In people undergoing surgical correction of congenital heart defects, there are multiple reasons for postoperative development of arrhythmia. One possible cause is the progression of preexisting atrial substrate abnormalities that developed secondary to cardiac remodeling with long-standing hemodynamic overload.7 In addition, transient arrhythmia can develop in the early postoperative period (days to weeks) because of local irritation of the myocardium.7 The presence of the closure device itself can induce atrial arrhythmias, although this is considered rare in humans.7 Finally, incision into the right atrial free wall can cause scarring that creates regions of abnormal conduction, which allow for the formation of a reentry circuit.1,7–10 Arrhythmias attributable to these types of reentry can cause a type of atypical AFL known as IART in humans. The onset of IART can occur both early and late in the postoperative period following surgical repair of congenital defects.6–8,10 In a series of people who underwent surgical closure of atrial septal defects, postoperative IART developed in 4 of 136 patients, which was the second most common arrhythmia behind atrial fibrillation.8 The patients who developed postoperative IART in that study8 were treated successfully by either radiofrequency catheter ablation or antiarrhythmic medications. Postoperative IART has been reported for 10% to 38% of patients who have undergone surgery for congenital cardiac defects other than atrial septal defects.6–10

On surface ECG recordings, flutter wave morphology is variable in appearance in cases of IART. Flutter waves can be large and mistaken for typical AFL. Alternatively, IART-related flutter waves may be small if there is a short reentry cycle, and those waves can be misclassified as atrial fibrillation.9 Electrophysiologic assessment is required for definitive diagnosis of IART and location of the reentrant circuit, although suspicion of IART can be raised on the basis of surface ECG findings.9

For the dog of the present report, the first ECG recording did not have the characteristics of typical or reverse typical AFL. Given that the dog underwent previous right atriotomy but had no history of arrhythmia prior to the procedure, the authors suspected that the underlying rhythm was likely IART. To the authors’ knowledge, this is the first reported case of suspected IART in a dog, although an electrophysiologic examination of the dog would be required for definitive diagnosis.

Initial treatment of AFL is aimed at controlling the ventricular response rate, which can be achieved with administration of class II, III, and IV antiarrhythmics and digoxin.2,11 Ongoing management of AFL is geared toward maintaining an appropriate ventricular response rate when the flutter is hemodynamically tolerated.2,11 However, for patients in which clinical signs persist despite antiarrhythmic treatment, rhythm control is desirable. In addition, AFL has a risk of degenerating to atrial fibrillation, which may interfere with achieving adequate rate control. Recurrence of AFL following electrical cardioversion is common because the reentrant circuit remains.10,11 In people, radiofrequency catheter ablation provides an alternative solution for AFL and has a reported success rate of 90% to 100%.11 For the dog of the present report, ablation was deemed to be not indicated as a first-line treatment because the animal had no clinical signs and a normal ventricular response rate.
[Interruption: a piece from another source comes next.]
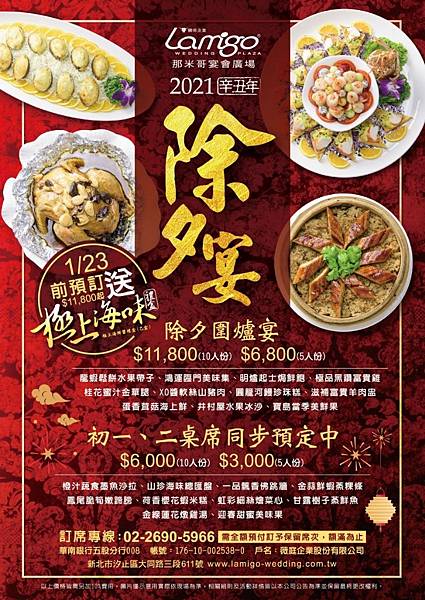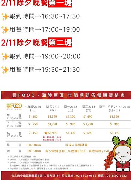 * 除夕夜用餐時間:第一場17:00-19:00、第二場19:30-21:30

For the dog of the present report, conversion to a sinus rhythm was achieved within 2 weeks after initiation of treatment with sotalol. Sotalol is a class III antiarrhythmic drug with β-adrenergic receptor blocking effects.2 Class III antiarrhythmics cause prolongation of atrial and ventricular refractory periods, which can influence myocardial conduction velocity sufficiently to interfere with reentry circuits.2,11 This can achieve a sinus rhythm in patients with AFL. Sotalol has been used successfully to convert AFL to a sinus rhythm in children who developed IART after surgery for congenital heart disease.12 Through the use of sotalol, AFL was converted to a sinus rhythm in 2 young large-breed dogs that had no evidence of structural heart disease.13 In addition, among 15 dogs with experimentally induced AFL without structural heart disease, IV administration of d-sotalol successfully converted 14 dogs to normal sinus rhythm.14 The biggest concern regarding treatment with class III antiarrhythmics is the potential for QT-interval prolongation and induction of torsades de pointes that can degenerate to ventricular fibrillation.2,11,13 Nevertheless, sotalol administration may help achieve adequate rhythm control in dogs with atypical AFL and suspected IART. Such treatment may help prevent the onset of atrial fibrillation and may be a reasonable option prior to pursuing radiofrequency catheter ablation in certain cases of atypical AFL and IART.

References

  • 1. Saoudi N, Cosio F, Waldo AE, et al. A classification of atrial flutter and regular atrial tachycardia according to electrophysiologic mechanisms and anatomical bases; a Statement from a Joint Expert Group from the Working Group of Arrhythmias of the European Society of Cardiology and the North American Society of Pacing and Electrophysiology. Eur Heart J 2001;22:11621182.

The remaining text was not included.